### Material provided

======

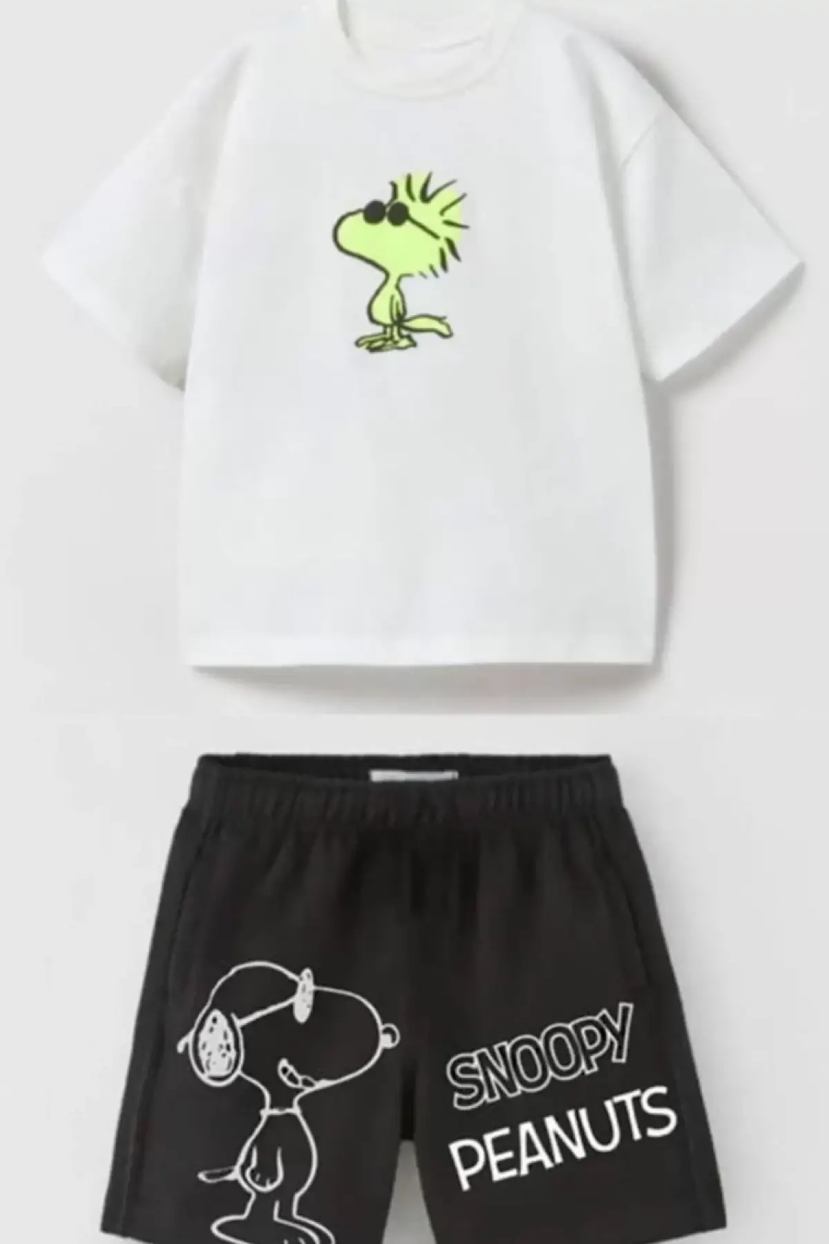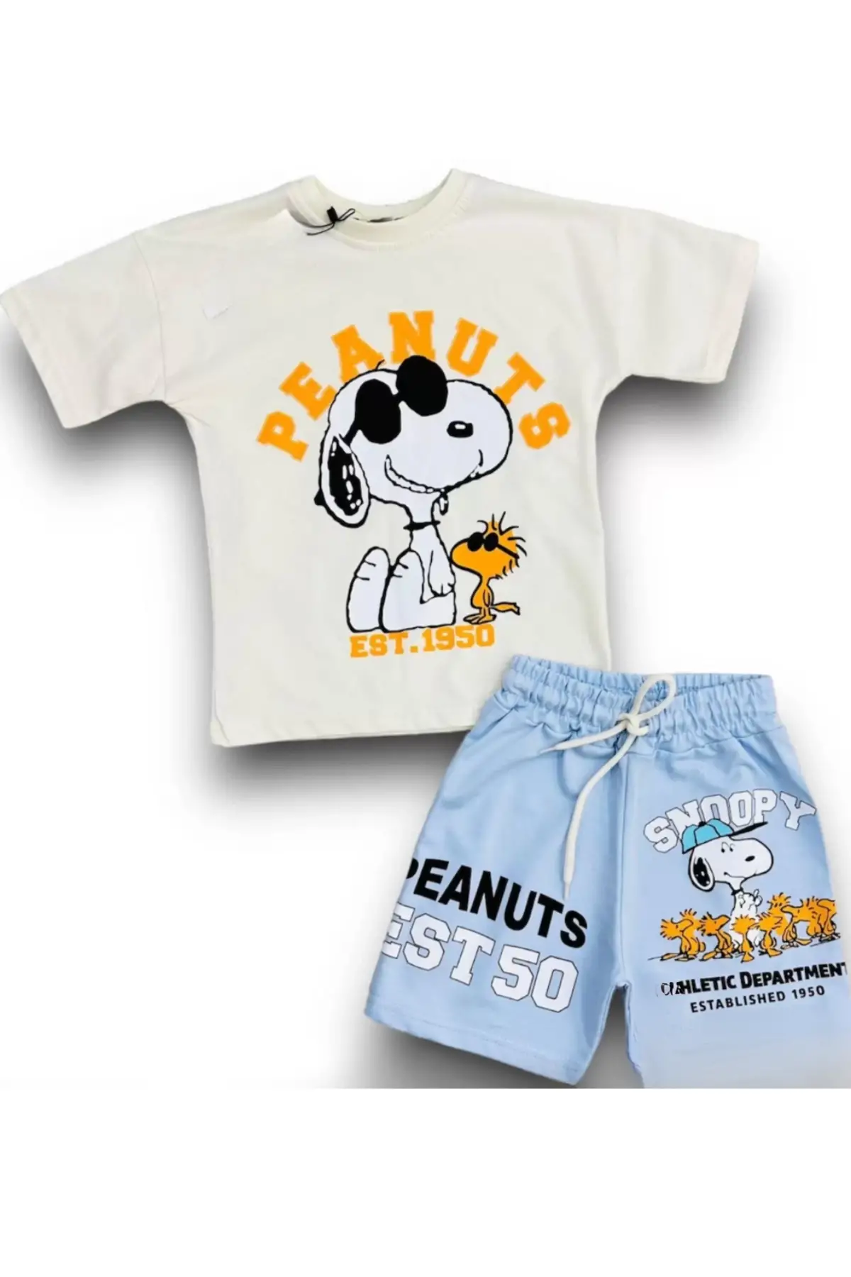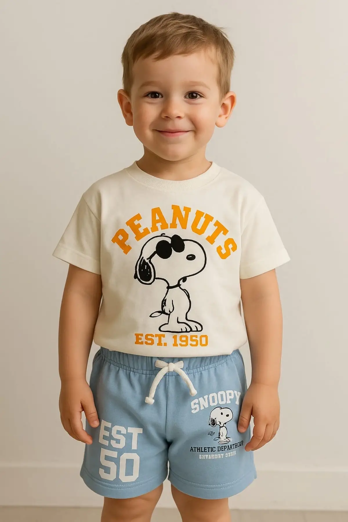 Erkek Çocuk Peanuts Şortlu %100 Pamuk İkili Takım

======

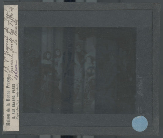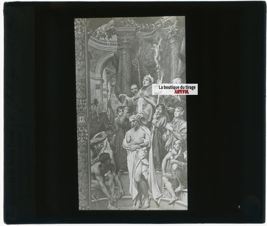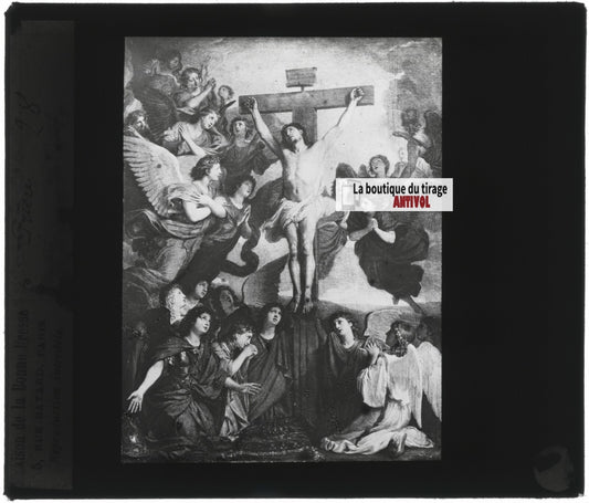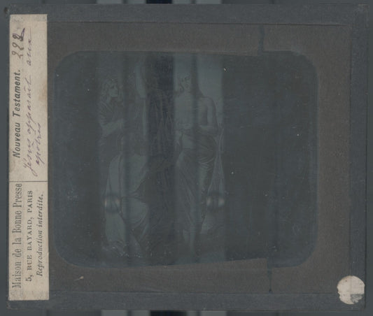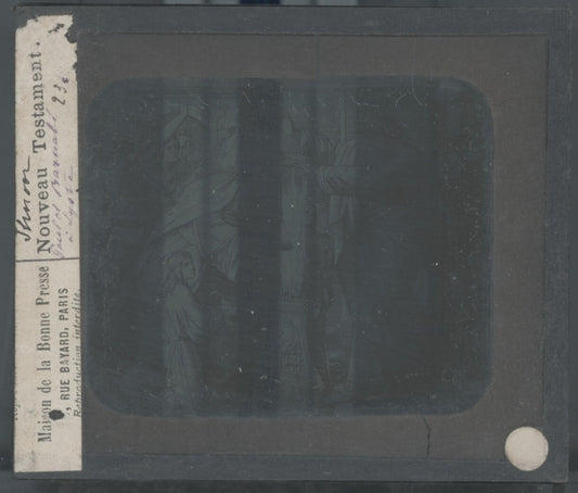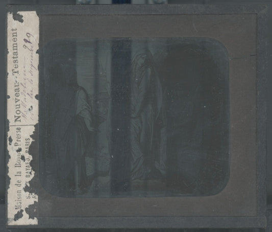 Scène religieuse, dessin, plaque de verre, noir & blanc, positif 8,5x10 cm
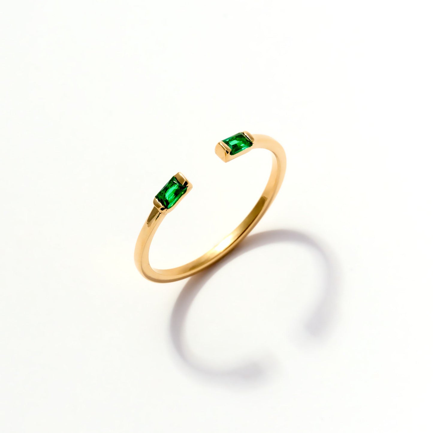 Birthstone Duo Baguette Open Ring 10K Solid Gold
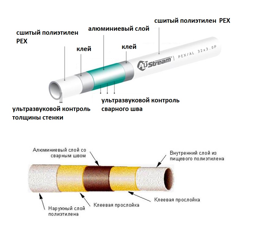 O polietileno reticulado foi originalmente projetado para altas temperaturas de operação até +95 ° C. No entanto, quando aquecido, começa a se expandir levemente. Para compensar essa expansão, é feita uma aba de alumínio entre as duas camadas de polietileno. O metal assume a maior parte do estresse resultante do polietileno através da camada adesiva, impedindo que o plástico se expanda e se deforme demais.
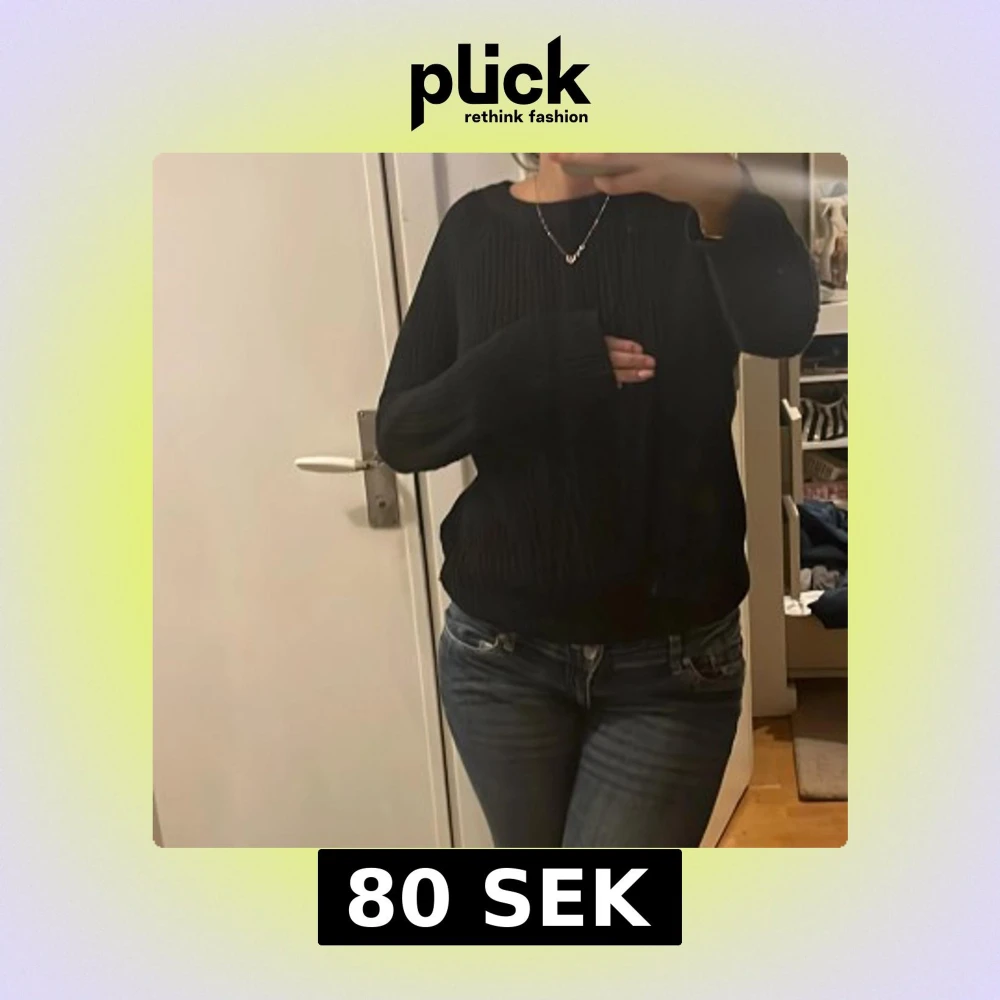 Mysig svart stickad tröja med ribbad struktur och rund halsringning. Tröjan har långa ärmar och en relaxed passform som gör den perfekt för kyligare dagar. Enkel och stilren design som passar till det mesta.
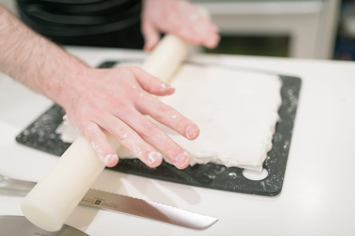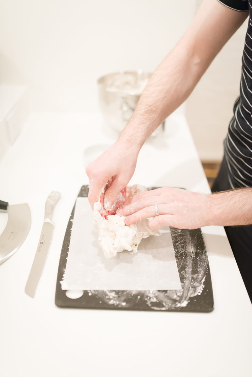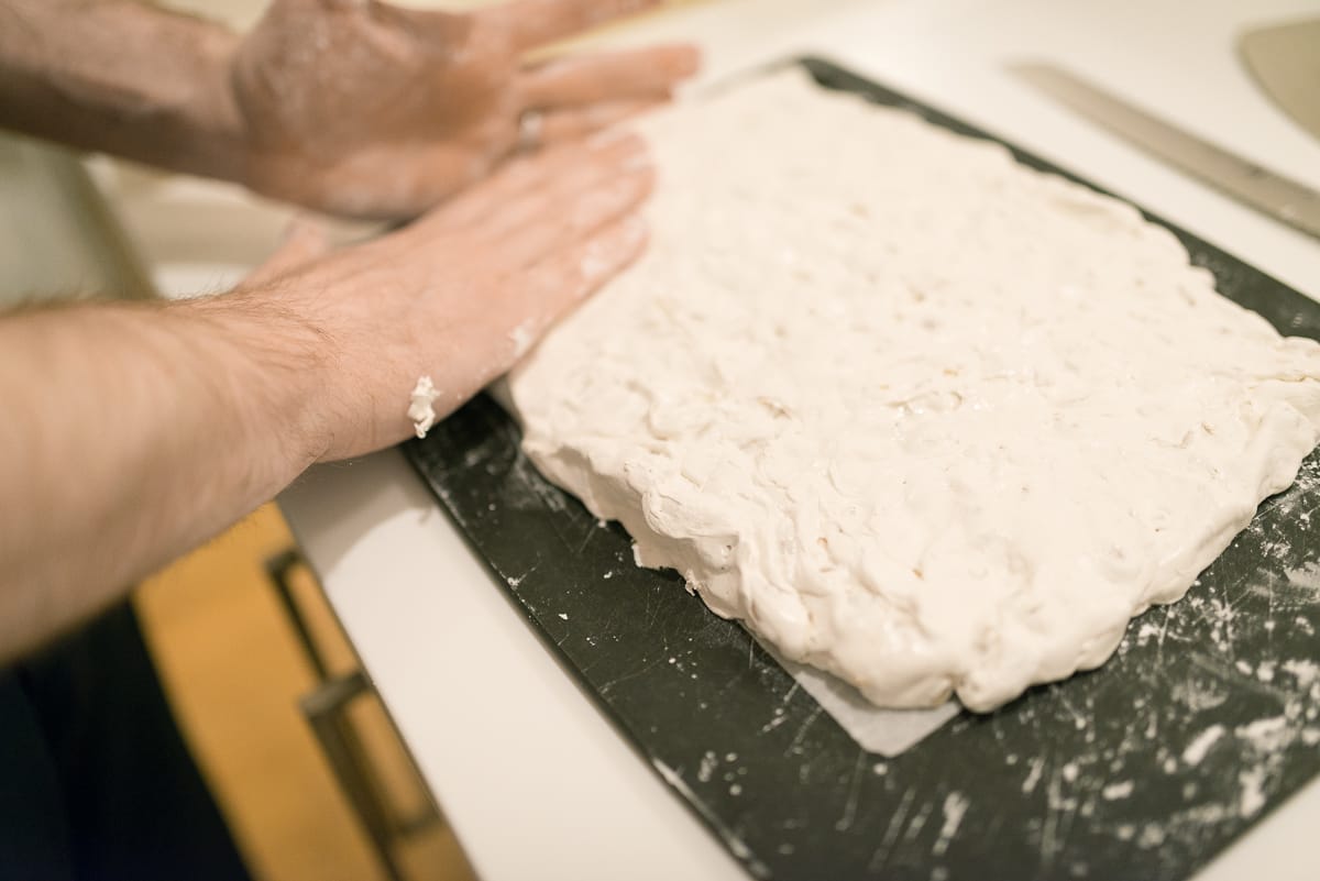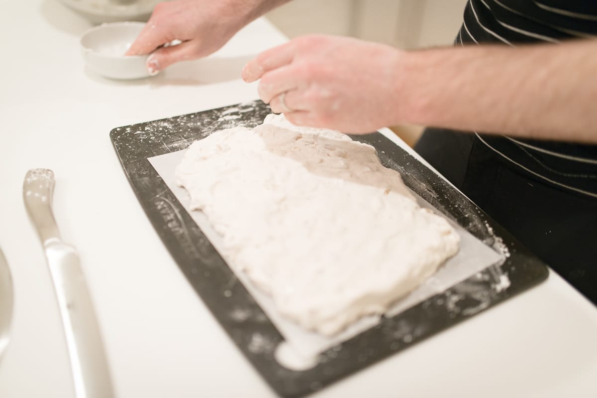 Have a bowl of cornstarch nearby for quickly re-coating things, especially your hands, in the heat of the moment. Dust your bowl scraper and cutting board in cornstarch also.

======

### Problem to work on
Look through the listing above for the line with "Scène religieuse, dessin, plaque" and the line with "O polietileno reticulado". Write out exactly those lines and everything between, leaving out pictures.

### Answer to the problem
 Scène religieuse, dessin, plaque de verre, noir & blanc, positif 8,5x10 cm
 Birthstone Duo Baguette Open Ring 10K Solid Gold
 O polietileno reticulado foi originalmente projetado para altas temperaturas de operação até +95 ° C. No entanto, quando aquecido, começa a se expandir levemente. Para compensar essa expansão, é feita uma aba de alumínio entre as duas camadas de polietileno. O metal assume a maior parte do estresse resultante do polietileno através da camada adesiva, impedindo que o plástico se expanda e se deforme demais.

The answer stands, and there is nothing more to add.